WHAT?! Do you know anything about Philadelphia? This building isn't "deep in Penn's campus". It's at the edge of West Philadelphia, overlooking the Schuylkill River. It's massive and can be seen from many parts of the city as well as from I-76. Tens of thousands of people will see this building on a daily basis, and thousands will work in and around it. AND, it's going to be in the skyline for the next 50+ years. That literally means that many, many millions of people will interact with this building over its lifetime. It's worth caring about.

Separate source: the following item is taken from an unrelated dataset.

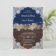Rustikale Navy Blue Wood Burlap Lace Hochzeit Einladung
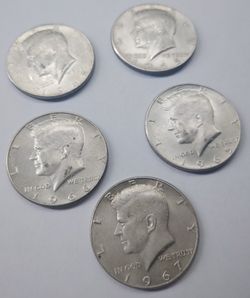 Lot 5 Half Dollar 40% Silver Coins 1960s Kennedy $120San Francisco, CA

It's an obsession because they're spending $1.5 BILLION dollars on this hulking piece of crap. And they spent over $700 million on the Frankenstein-looking Perelman Center. Penn Medicine just keeps dumping hundreds of millions of dollars into buildings which are both ugly on the outside and confusing on the inside. I find it genuinely outrageous that Penn can keep making the same terrible billion-dollar mistakes over and over while everyone else just shrugs their shoulders.

You seem... unhinged.

There have been plenty of shit buildings that have gone up or have been proposed in philly since you started your rants here. Why no complaints regarding them? Your focus on this building seems to go way beyond being a former Penn student and caring about Philadelphia's skyline. Your focus on the expense also seems odd considering you must understand that considering this is designed to be a world class hospital, the amount of that expense dedicated to design is a tiny fraction.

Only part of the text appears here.